The 1973 Endangered Species Act (ESA) has been a costly fiasco. It has failed to protect or help revive species at risk of extinction. However, the ESA has allowed the government to go wild, stealing Americans’ property and blocking economic development.
To remedy this ongoing misuse of the ESA, the U.S. Fish and Wildlife Service (FWS) announced a series of joint policy reforms with the National Oceanic and Atmospheric Administration’s National Marine Fisheries Service (NOAA Fisheries).
These proposed reforms would alter how the federal government fosters species recovery under the ESA by reducing conflict between efforts to conserve species and people’s rights.
FWS proposed several rule changes in July as part of a larger effort by the Trump administration to reduce the negative impact of endangered species policies on economic activity and personal property rights.
One reform would revise regulations on designating critical habitats for species recovery, reinstating a requirement that officials review currently occupied areas before uninhabited or previously inhabited areas. The Obama administration changed the habitat rule to impose equally stringent restrictions on privately owned potential habitats that don’t contain any endangered species as those on occupied habitats.
Another proposed change would reverse a decades-old policy under which threatened species receive the same protections as endangered species. Under the ESA, actions that impacted a threatened species were allowed on a case-by-case basis. Previous administrations, however, applied the same heavy-handed prohibitions intended for endangered species to threatened species. From a regulatory perspective, this eliminated the stark contrast between the two categories.
Also in July, FWS proposed rescinding the Obama-era “compensatory mitigation policy.” This counterproductive policy mandated industries compensate the government for natural resource extractions on federal lands to mitigate potential damage to endangered species’ habitats.
According to FWS, the agency lacks the authority to require “net conservation gains,” the monetary compensation required to offset potential damage caused to animal habitats by industries mining resources on federal lands. The rule states, “Because by definition compensatory mitigation does not directly avoid or minimize the anticipated harm, its application is particularly ripe for abuse.”
FWS’ proposed changes came after Secretary of the Interior Ryan Zinke issued the “American Energy Independence” secretarial order in March 2017. Zinke’s order requires FWS and other bureaus in the Department of the Interior to review mitigation policies and practices to “better balance conservation strategies and policies with job creation for American families.”
Consequently, ranchers, miners, and oil and gas well operators are hopeful the potential FWS regulatory changes will no longer require them to restore habitats their operations never damaged or restrict their use of property that does not contain threatened species.
Although worthwhile, these reforms fail to address the core problem with the ESA — its lousy incentive structure. To promote species protections, Congress must fundamentally reform ESA to provide incentives for landowners to protect species.
Since 1973, more than 2,470 plant and animal species have been classified as endangered or threatened by ESA. Federal, state and local governments, as well as private individuals, have spent billions to help endangered and threatened species recover.

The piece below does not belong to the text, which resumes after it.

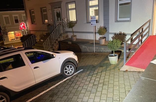 Am Montag, 15.12.2025, gg. 16.00 Uhr, beobachtete ein Zeuge an der Hirsch-Apotheke in der Hauptstraße 11, wie ein heller Kleinwagen in Höhe des Seiteneingangs vorwärts gegen das Gelände der Lagerrampe stieß.

This sheer number of species designated as threatened and endangered, as well as the billions of taxpayer dollars spent to help restore animal populations, has dealt a devastating blow to liberty and property rights.
For example, Americans have been forbidden from building homes or developing land; others have been prevented from pursuing economic activities such as farming, logging or anything else that could potentially impact animal habitats. Additionally, road improvements, hospital construction and other necessary public infrastructure projects have experienced dramatic price spikes, unnecessary delays or even a complete termination.

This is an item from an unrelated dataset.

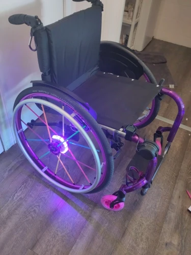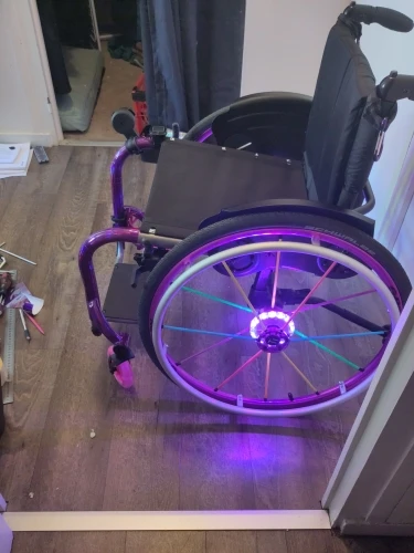 Compré esto para mi silla de ruedas, ¡estoy sumamente satisfecho! Fácil de usar, se ilumina cuando la rueda se mueve, ¡así que no hay necesidad de tocar el interruptor! Perfecto ✨ 👍

Yet, after all these efforts, only 78 species — 3.1 percent of all species ever listed — have been removed from the Endangered Species List.

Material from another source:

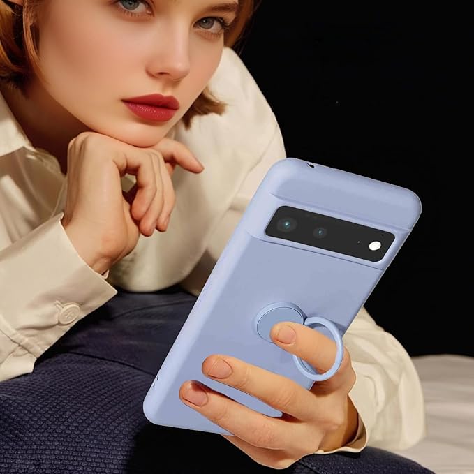for Google Pixel 6a ケース 液状シリカゲル親肌TPU新型携帯スタンド保護カバーカップル 放熱強純色極シンプル(Pixel 6aうすむらさき)

Worse still, the vast majority of these species were not delisted because of species recovery, but because (in typical Washington, D.C., fashion) they were either listed in error in the first place or they were already extinct before they were even considered for listing. Few, if any, species removed from the Endangered Species List have recovered primarily due to ESA protections.
ESA fails to protect species because it creates perverse incentives to destroy them and their habitat. More than 75 percent of the listed species depend on private land for either all or part of their habitat, but if people provide a suitable habitat for an endangered species, their land becomes subject to severe regulation and outright confiscation.
Property owners are therefore faced with three undesirable options: kill the endangered species member (“shoot, shovel and shut up”), destroy the habitat before a species moves in, or lose the value of their land.
The fairest and most effective way to foster species recovery would be to reward people for managing their property in ways that attract endangered species. Paying landowners when their property is restricted to protect species, for instance, would be consistent with the Constitution’s requirement that landowners be paid just compensation when their property is taken for public purposes, and it would keep them from being forced to face a perverse choice between their own welfare and that of the endangered species.